**PROVIDED MATERIAL**
═══

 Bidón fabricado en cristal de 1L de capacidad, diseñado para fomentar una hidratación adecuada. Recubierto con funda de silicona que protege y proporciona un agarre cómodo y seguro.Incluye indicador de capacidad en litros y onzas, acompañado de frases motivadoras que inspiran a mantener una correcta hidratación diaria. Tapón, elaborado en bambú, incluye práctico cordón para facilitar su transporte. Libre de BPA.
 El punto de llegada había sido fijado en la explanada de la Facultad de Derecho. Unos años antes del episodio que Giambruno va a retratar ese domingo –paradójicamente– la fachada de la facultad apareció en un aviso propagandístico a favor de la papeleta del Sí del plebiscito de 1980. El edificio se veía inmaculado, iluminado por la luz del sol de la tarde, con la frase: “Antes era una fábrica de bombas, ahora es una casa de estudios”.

═══

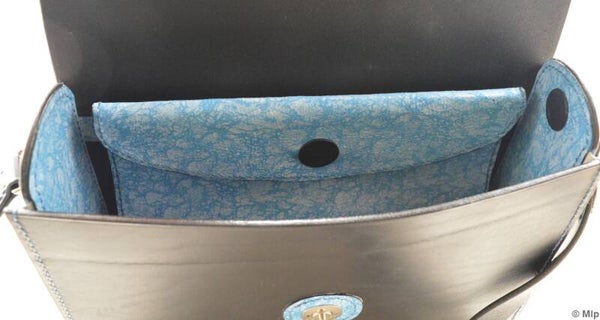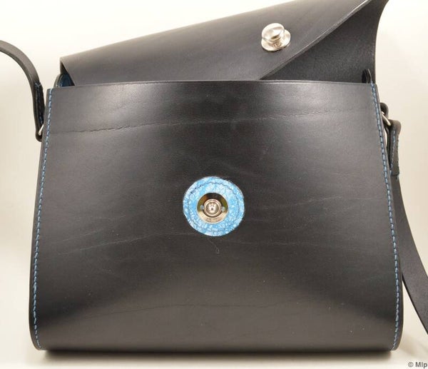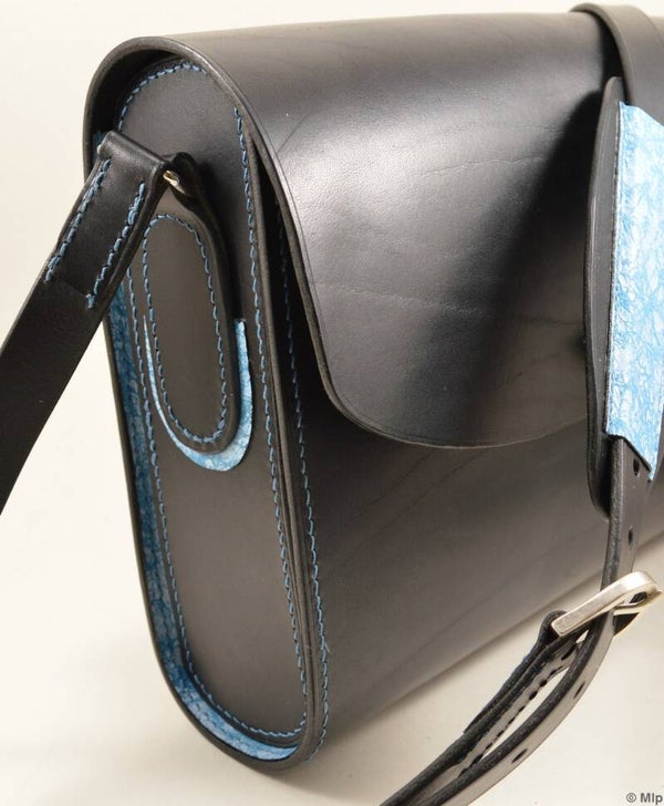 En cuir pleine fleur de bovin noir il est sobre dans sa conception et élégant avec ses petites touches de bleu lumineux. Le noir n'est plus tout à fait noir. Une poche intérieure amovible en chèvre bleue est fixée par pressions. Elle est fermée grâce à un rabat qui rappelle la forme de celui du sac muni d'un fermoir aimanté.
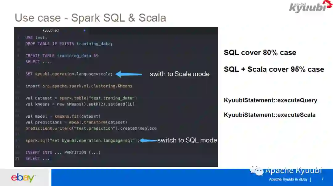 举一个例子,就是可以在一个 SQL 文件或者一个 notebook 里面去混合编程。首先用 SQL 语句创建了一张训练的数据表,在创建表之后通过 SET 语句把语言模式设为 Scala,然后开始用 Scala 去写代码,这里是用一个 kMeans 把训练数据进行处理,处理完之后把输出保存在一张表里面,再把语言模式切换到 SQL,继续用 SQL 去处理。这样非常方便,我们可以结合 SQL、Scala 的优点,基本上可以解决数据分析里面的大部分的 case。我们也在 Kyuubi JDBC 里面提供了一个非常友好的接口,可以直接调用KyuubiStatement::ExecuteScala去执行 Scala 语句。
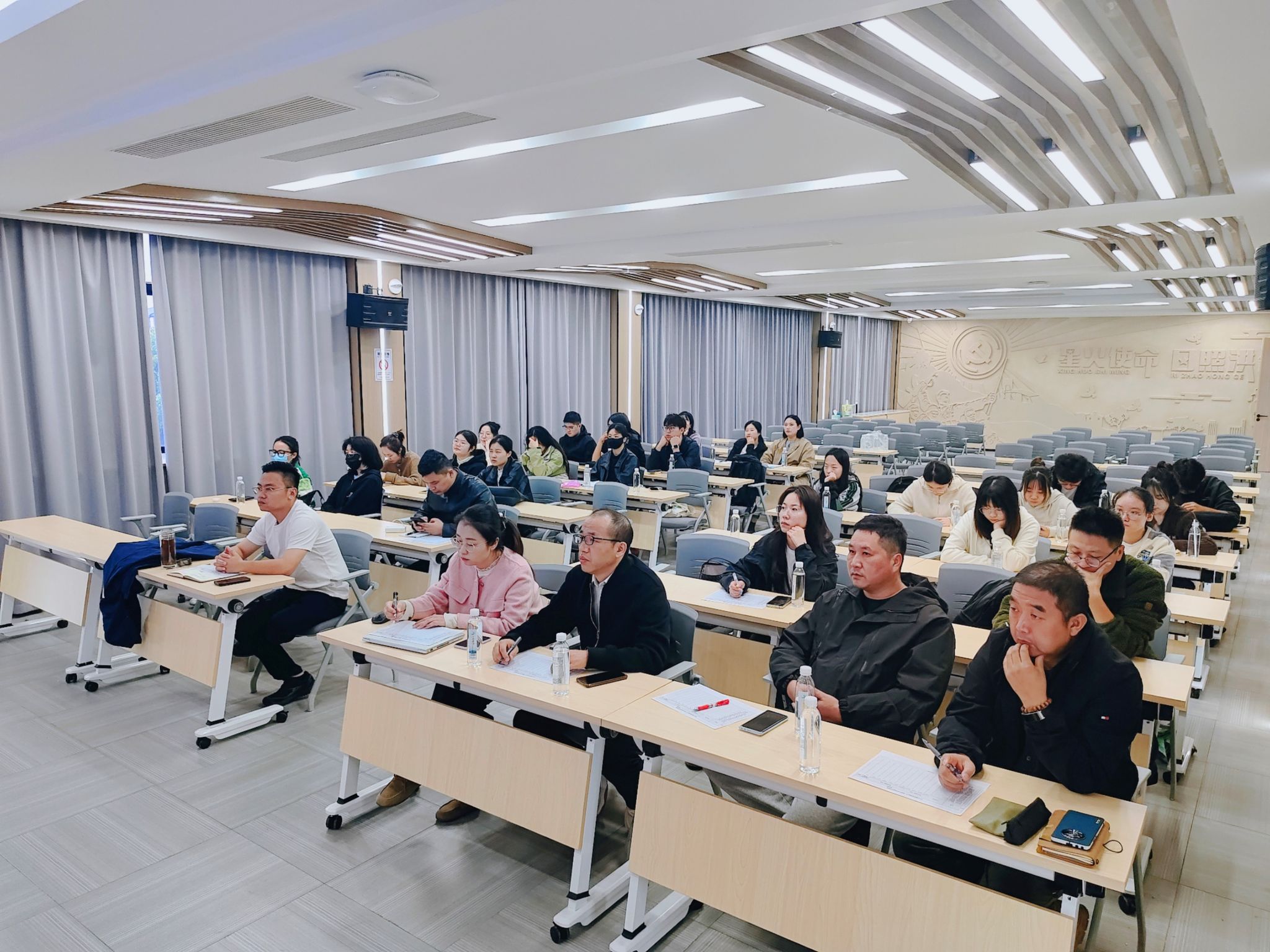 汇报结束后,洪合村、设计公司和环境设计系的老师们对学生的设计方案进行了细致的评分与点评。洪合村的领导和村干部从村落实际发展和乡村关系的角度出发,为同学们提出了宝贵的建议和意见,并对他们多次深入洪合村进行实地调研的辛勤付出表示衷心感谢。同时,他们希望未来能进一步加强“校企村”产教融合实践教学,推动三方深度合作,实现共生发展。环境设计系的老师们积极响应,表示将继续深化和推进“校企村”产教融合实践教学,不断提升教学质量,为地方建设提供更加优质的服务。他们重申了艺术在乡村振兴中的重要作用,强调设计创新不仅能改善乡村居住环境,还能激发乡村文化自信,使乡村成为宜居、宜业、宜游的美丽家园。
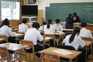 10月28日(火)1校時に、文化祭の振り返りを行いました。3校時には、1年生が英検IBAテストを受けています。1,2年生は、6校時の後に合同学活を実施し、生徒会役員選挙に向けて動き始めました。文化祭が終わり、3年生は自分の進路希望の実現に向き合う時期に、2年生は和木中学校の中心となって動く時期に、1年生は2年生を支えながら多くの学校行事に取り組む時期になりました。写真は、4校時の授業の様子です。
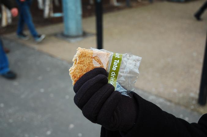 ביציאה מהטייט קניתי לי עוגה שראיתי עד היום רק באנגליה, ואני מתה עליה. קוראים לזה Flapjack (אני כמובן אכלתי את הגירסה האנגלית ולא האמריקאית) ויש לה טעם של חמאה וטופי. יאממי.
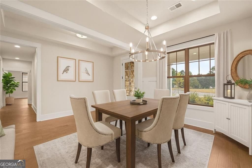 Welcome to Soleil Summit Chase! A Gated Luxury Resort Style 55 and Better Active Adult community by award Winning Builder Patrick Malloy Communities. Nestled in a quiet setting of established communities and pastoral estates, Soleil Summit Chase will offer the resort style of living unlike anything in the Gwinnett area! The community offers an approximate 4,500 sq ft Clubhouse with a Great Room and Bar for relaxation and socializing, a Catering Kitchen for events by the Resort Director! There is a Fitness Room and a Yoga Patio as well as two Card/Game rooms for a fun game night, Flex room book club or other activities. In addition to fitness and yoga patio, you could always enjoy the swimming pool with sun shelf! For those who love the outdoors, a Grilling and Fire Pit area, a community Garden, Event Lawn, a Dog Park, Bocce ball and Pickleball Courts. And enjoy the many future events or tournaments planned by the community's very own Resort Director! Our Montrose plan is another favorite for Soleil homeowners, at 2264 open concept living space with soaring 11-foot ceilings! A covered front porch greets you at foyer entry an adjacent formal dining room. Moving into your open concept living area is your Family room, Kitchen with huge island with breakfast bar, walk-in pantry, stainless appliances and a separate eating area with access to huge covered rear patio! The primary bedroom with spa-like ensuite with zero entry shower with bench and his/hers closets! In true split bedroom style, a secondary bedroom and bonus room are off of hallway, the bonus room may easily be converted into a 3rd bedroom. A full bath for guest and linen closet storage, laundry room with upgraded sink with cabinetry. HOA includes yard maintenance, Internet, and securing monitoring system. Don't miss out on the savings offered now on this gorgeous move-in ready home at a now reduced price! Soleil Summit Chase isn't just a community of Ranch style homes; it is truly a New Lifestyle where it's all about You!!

═══

**DIRECTIONS**
Copy out exactly the lines above beginning with the line that contains "10月28日(火)1校時に、" and finishing with the line that contains "ביציאה מהטייט קניתי", including both; leave the pictures out.

**ANSWER SECTION**
 10月28日(火)1校時に、文化祭の振り返りを行いました。3校時には、1年生が英検IBAテストを受けています。1,2年生は、6校時の後に合同学活を実施し、生徒会役員選挙に向けて動き始めました。文化祭が終わり、3年生は自分の進路希望の実現に向き合う時期に、2年生は和木中学校の中心となって動く時期に、1年生は2年生を支えながら多くの学校行事に取り組む時期になりました。写真は、4校時の授業の様子です。
 ביציאה מהטייט קניתי לי עוגה שראיתי עד היום רק באנגליה, ואני מתה עליה. קוראים לזה Flapjack (אני כמובן אכלתי את הגירסה האנגלית ולא האמריקאית) ויש לה טעם של חמאה וטופי. יאממי.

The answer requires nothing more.